In the coming months it’s understood the tagging feature will be opened up to a broader group and that Instagram will release more details about who qualifies for its use.

A game of whack-a-mole

Policing influencer marketing has been described as being akin to a game of whack-a-mole, and Instagram’s move could help kickstart a race towards standardisation for the platforms involved in the process.

Until now, hastags like #ad, #sp, #sponcon and #partner have been the go-to method of signposting paid for content on social media, however the rules around best practice vary from market to market. Without legal requirements, enforcement remains a challenge for advertising and marketing groups.

Speaking at a recent event, Guy Parker, chief executive of the UK's Advertising Standards Authority (ASA) said the watchdog was aware that there are still occasions of "no labelling or inadequate labelling", adding that the latter issue in particular was something that needed to be dealt with.

Earlier this year the British Committee for Advertising Practice (CAP) unveiled a series of updated guidelines for brands and influencers around the disclosure of affiliate commercial partnerships. Advice included making followers aware upfront that what they were about to watch or click on was an ad, and being aware of the "technical quirks" associated with different platforms.

CAP has not commented on Instagram's new tool specifically but a spokesperson told The Drum it welcomes any steps taken by media owners to improve transparency.

"While this sounds like a positive initiative, the onus is still on creators and brands to ensure they stick to the Advertising Code and our guidance," the group added.

Across the Atlantic, the FTC demands that ads should be signposted with a clear tag such as #ad, and that these should be featured high up in the post, and not cut off in a caption, for instance. Tagging the brand is not acceptable, it has previously said.

What is clear, however, is that Instagram isn't positioning the new tools as an alternative to established guidelines, but instead as a way to bring clarity to what it recongises is becoming an integral part of users' experience.

Nonetheless, Matt Donegan, managing director of influencer marketing agency Social Circle, which works with the likes of Heinz and Renault, said it was "about time" Instagram made advancements.

"With the profusion of influencer branded content on the platform, we are delighted that Instagram is finally facilitating this trend," he mused, noting that his business "constantly" witnesses poor practice where influencers do not declare sponsored content.

"Audiences are getting more and more savvy and an increasing number of brands are working with influencers – there’s no space for inauthenticity anymore and we’re glad Facebook and Instagram are finally doing something about it.
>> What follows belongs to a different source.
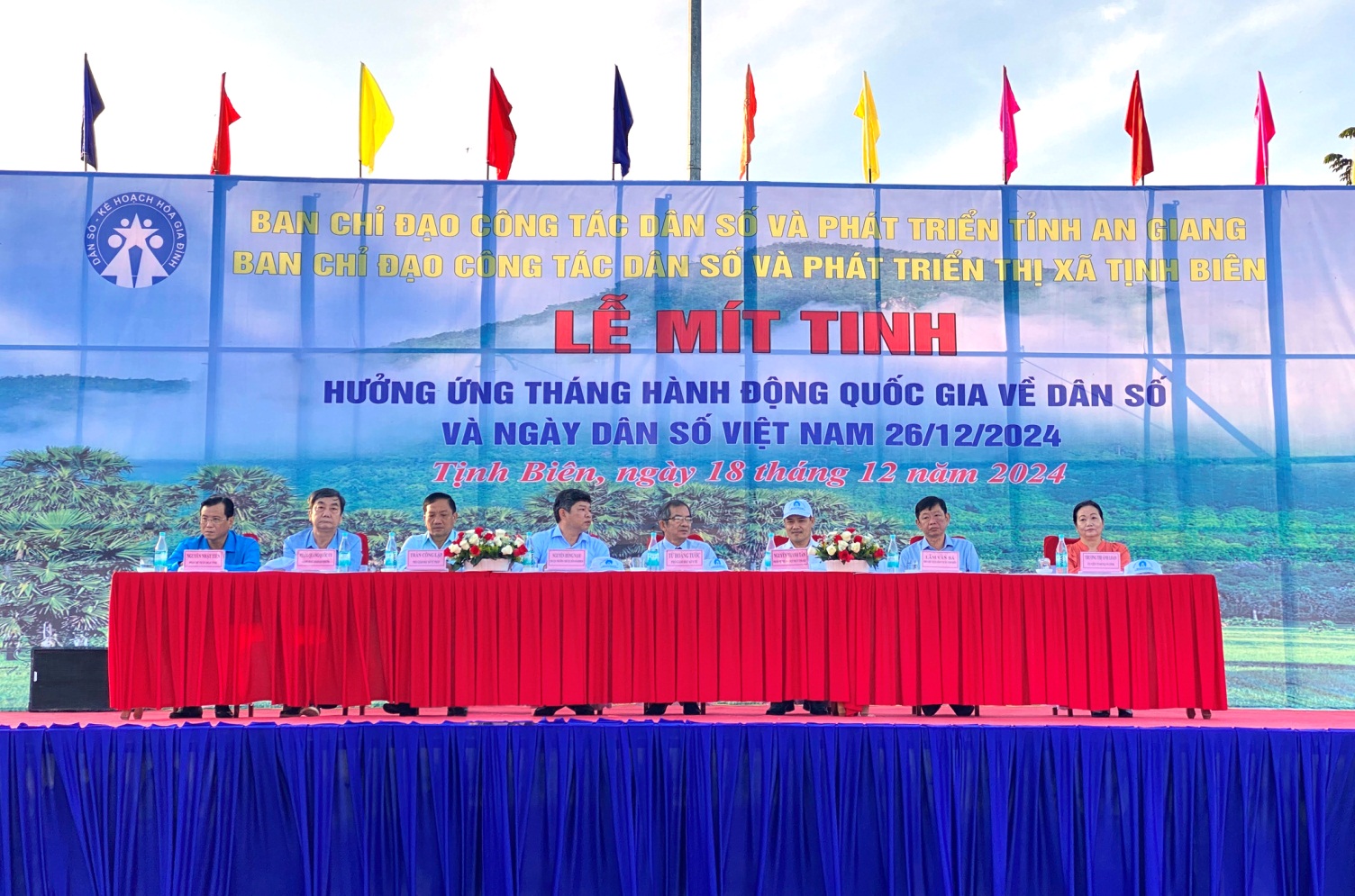(Cổng TTĐT tỉnh AG)- Sáng 18/12, Ủy ban nhân dân thị xã Tịnh Biên phối hợp Chi cục Dân số - KHHGD tỉnh An Giang tổ chức Lễ mít tinh hưởng ứng Tháng hành động quốc gia về Dân số và Ngày Dân số Việt Nam (26/12) năm 2024. Phó Giám đốc Sở Y tế Từ Hoàng Tước đến dự.

In our opinion it’s long overdue, and a reflection of this ever expanding market."

Need for honesty

Brands and influencers using the 'paid partnership' tag will also be able to track and share insights around a partnered post in tandem. Both parties will have access to metrics to track exactly how their branded content posts and stories are performing; a clear move from Instagram to ensure transparency is fostered within the partnership itself.

Measurement is one of the biggest challenges for marketers when it comes to influencer marketing, so such a feature is likely to come as welcome news to brands who are increasingly plugging money into the medium.

According to eMarketer, $570m was spent on Instagram influencer campaigns alone in 2015, and Elie Adamson, head of client services at We Are Social, believes that Instagram's latest shift signals it is on the path to becoming a more sophisticated media channel.

"Likewise, influencers are increasingly professional, with brand partnerships becoming more commonplace every day. Because of these factors, there's a need for honesty around commercial arrangements, and Instagram is helping make this easier for consumers to recognise when money has changed hands," she asserted.

"This is ultimately a positive move - transparency in advertising is important, and with ad revenues increasingly moving from traditional channels to digital and social ones, they should be held to the same standards."